(Stored entries)
• • • • • • •

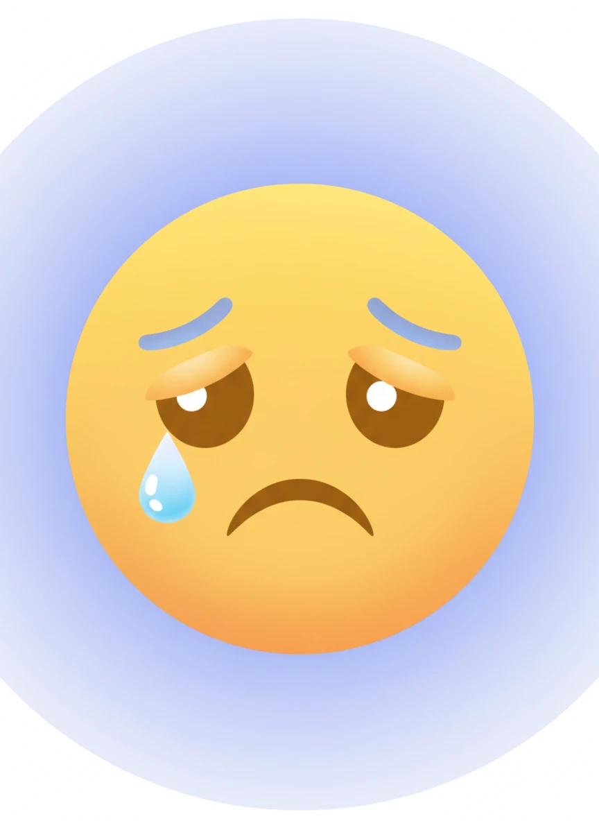Illustrate a gentle sad expression with a single tear using an emoji generator, focusing on emotional clarity rather than realism. Soft gradients and rounded forms should communicate empathy and calm. Ensure the face remains readable at small scales. emotive, soft, minimal — NEG: exaggerated realism, heavy textures, clutter, harsh lighting, noise
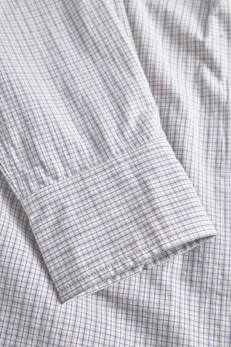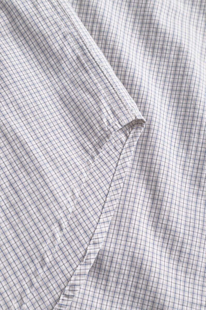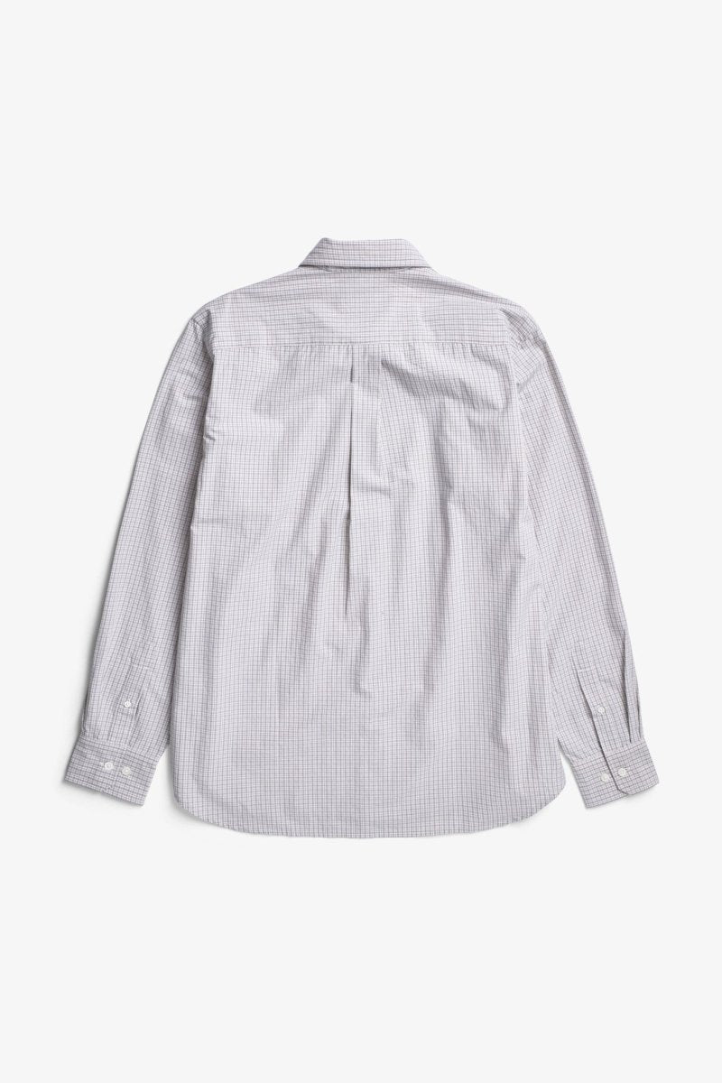 En oversized skjorte med en bredere kropsbygning, fremstillet af let bomuldspoplin, som er vasket for en afslappet og blød fornemmelse. Denne skjorte har garnfarvede tern, en brystlomme, bokslæg bagpå, formsydd kant og perlemorsknapper.
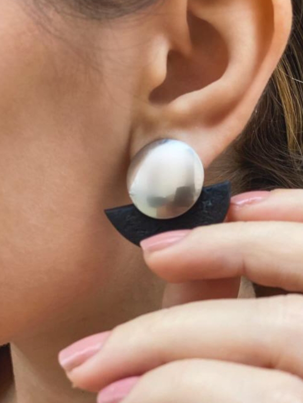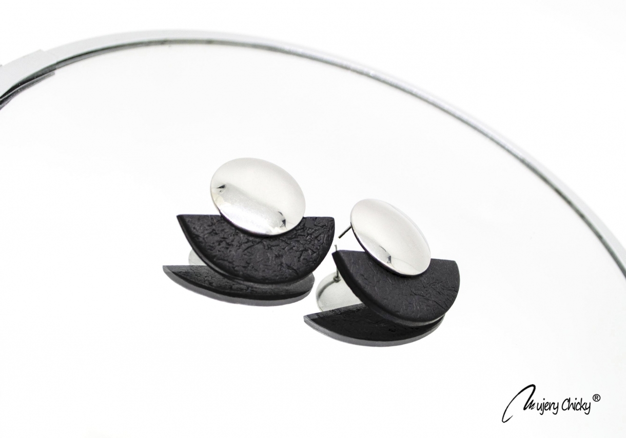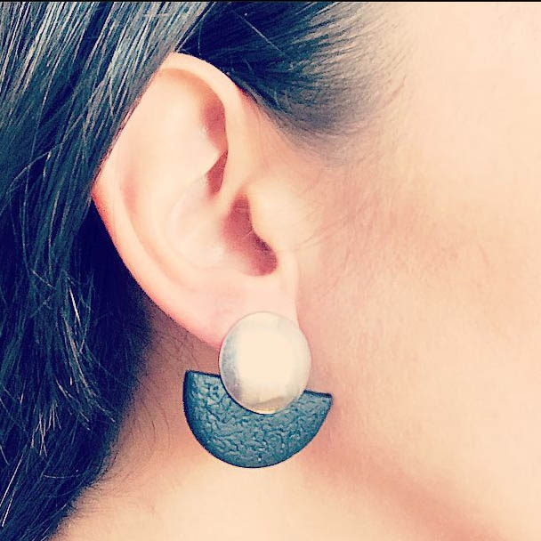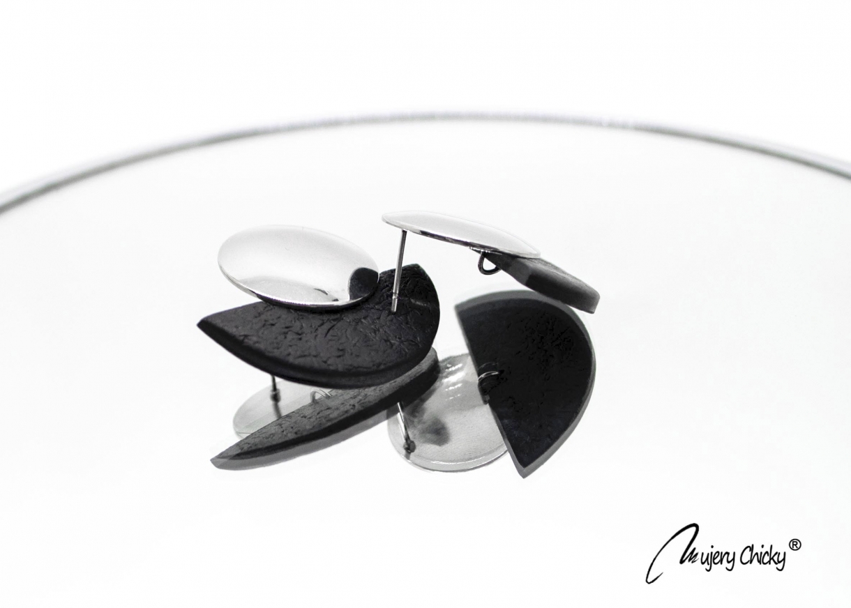 Cerceii geometrici asimetrici Daruka fac parte din Colecția Underground, sunt lucrați manual din lut polimeric texturat cu aspect de piele și oțel inoxidabil.
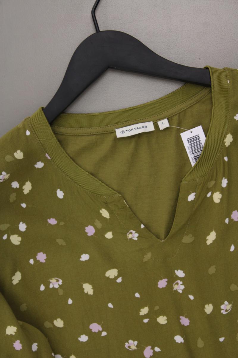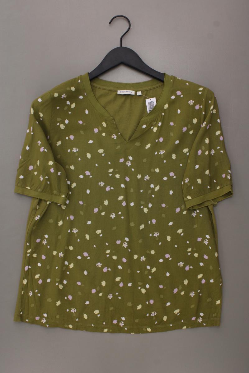 Tom Tailor Kurzarmbluse Gr. L mit Blumenmuster olivgrün aus Viskose
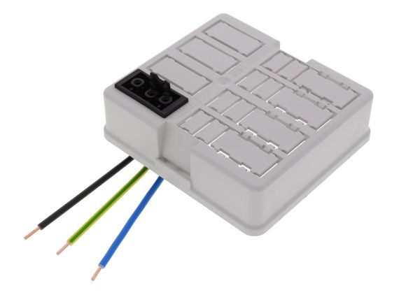 | Kurzbeschreibung | Deckel für Abzweigkasten 6mm², vorverdrahtet mit 1x 3-poliger Buchse |

• • • • • • •

Only the lines from the one containing "Cerceii geometrici asimetrici" through the last line of the data above, both included, belong in the reply, each restated exactly and without pictures.

## [Output]
 Cerceii geometrici asimetrici Daruka fac parte din Colecția Underground, sunt lucrați manual din lut polimeric texturat cu aspect de piele și oțel inoxidabil.
 Tom Tailor Kurzarmbluse Gr. L mit Blumenmuster olivgrün aus Viskose
 | Kurzbeschreibung | Deckel für Abzweigkasten 6mm², vorverdrahtet mit 1x 3-poliger Buchse |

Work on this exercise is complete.